Ingredients:

  • 2 lbs boneless, skinless chicken thighs
  • 1 cup BBQ sauce
  • 1/4 cup apple cider vinegar
  • 1 tbsp brown sugar
  • 1 tsp garlic powder
  • 1 tsp smoked paprika
  • 1/2 tsp salt
  • 1/2 tsp black pepper
  • 1 pack (12 count) Hawaiian sweet rolls
  • 4 tbsp unsalted butter, melted
  • 1/2 tsp garlic salt
  • 6 slices Provolone or Pepper Jack cheese

Instructions:

  1. Place the chicken thighs in the bottom of the crockpot. In a small bowl, whisk together the BBQ sauce, apple cider vinegar, brown sugar, garlic powder, paprika, salt, and pepper. Pour the mixture over the chicken, ensuring every piece is coated. Cover and cook on LOW for 6-8 hours or HIGH for 3-4 hours until the chicken is tender and reaches an internal temperature of 165°F (74°C).

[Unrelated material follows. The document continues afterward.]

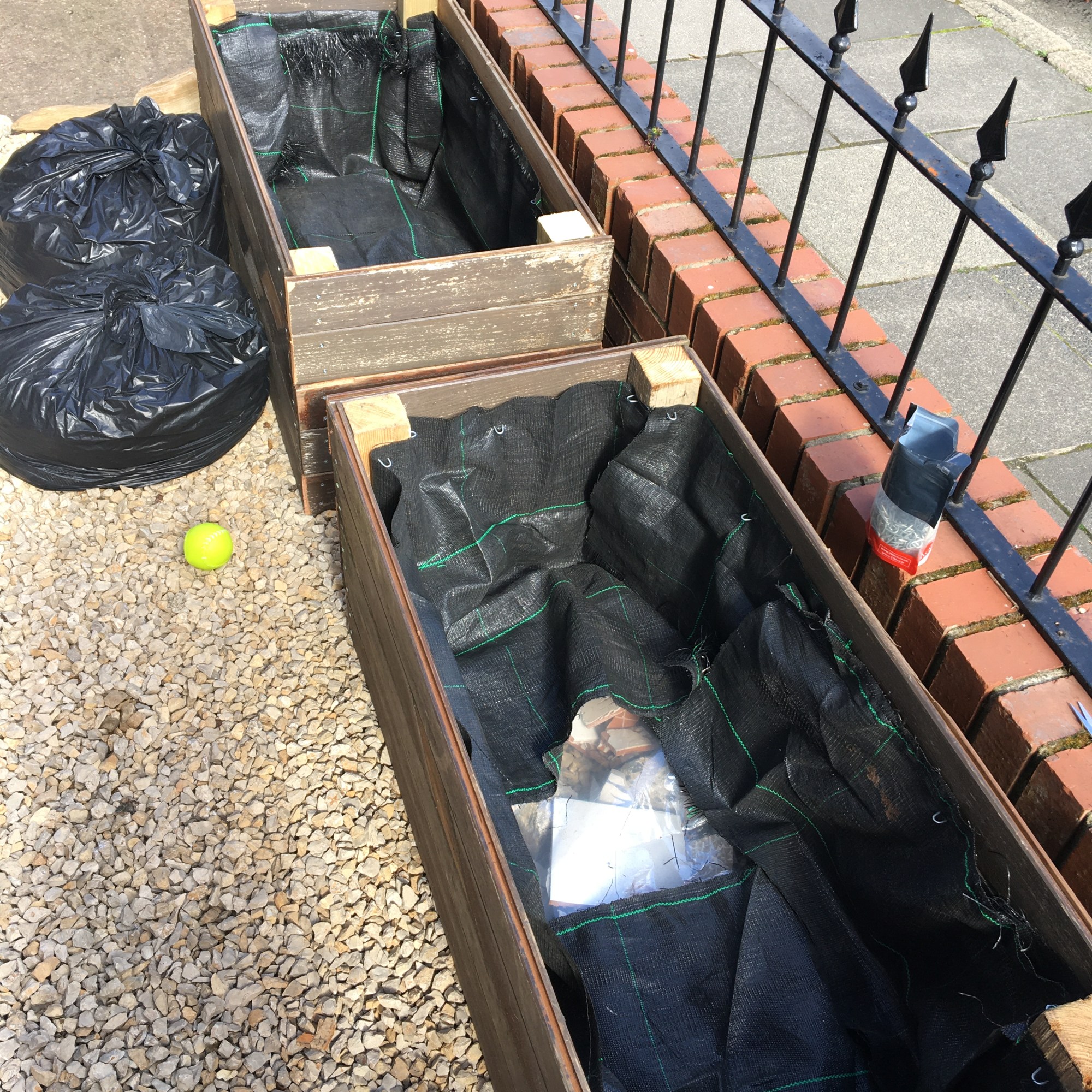 Once the beds were up and assembled, although standing on gravel already, I threw in some old rocks and broken crockery to allow for better drainage at the bottom. Once in, I lined them both with a weed membrane and stapled it in place.
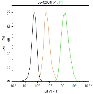 The U-251 MG (H) cells were fixed with 4% PFA (10 min at r.t.) and then permeabilized with 90% ice-cold methanol for 20 min at -20℃,the cells then were incubated in 5%BSA to block non-specific protein-protein interactions (30 min at r.t.), followed by secondary antibody incubation for 40 min at room temperature. Primary Antibody (green):Rabbit Anti-GFAP antibody (bs-42001R,1:100); Isotype Control (orange): Rabbit IgG (bs-0295P). Blank control (black): PBS. Acquisition of 20,000 events was performed.

  2. Remove the chicken thighs to a plate. Use two forks to pull the meat apart into bite-sized shreds. Return the shredded chicken to the slow cooker and toss it with the remaining mahogany-colored juices for 10 minutes on the 'Warm' setting.

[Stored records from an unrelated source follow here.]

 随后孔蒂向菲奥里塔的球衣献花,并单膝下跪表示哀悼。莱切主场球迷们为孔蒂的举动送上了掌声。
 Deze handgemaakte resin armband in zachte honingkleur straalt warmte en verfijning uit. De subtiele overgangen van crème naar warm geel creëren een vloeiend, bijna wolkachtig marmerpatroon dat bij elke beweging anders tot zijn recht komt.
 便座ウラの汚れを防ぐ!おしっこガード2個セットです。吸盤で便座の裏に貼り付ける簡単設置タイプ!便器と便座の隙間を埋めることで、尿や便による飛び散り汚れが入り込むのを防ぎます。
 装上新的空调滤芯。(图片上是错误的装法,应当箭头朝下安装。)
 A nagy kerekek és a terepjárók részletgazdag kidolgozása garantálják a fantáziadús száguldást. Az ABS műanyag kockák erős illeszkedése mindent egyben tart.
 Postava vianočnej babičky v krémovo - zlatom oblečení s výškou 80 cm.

  3. Preheat your oven to 350°F (175°C). Slice the entire pack of Hawaiian rolls in half horizontally. Place the bottom half on a baking sheet and layer with cheese slices, then pile on the BBQ chicken. Top with the other half of the rolls.
  4. Brush the tops of the rolls with melted butter mixed with garlic salt. Bake for 10-12 minutes until the tops are golden brown.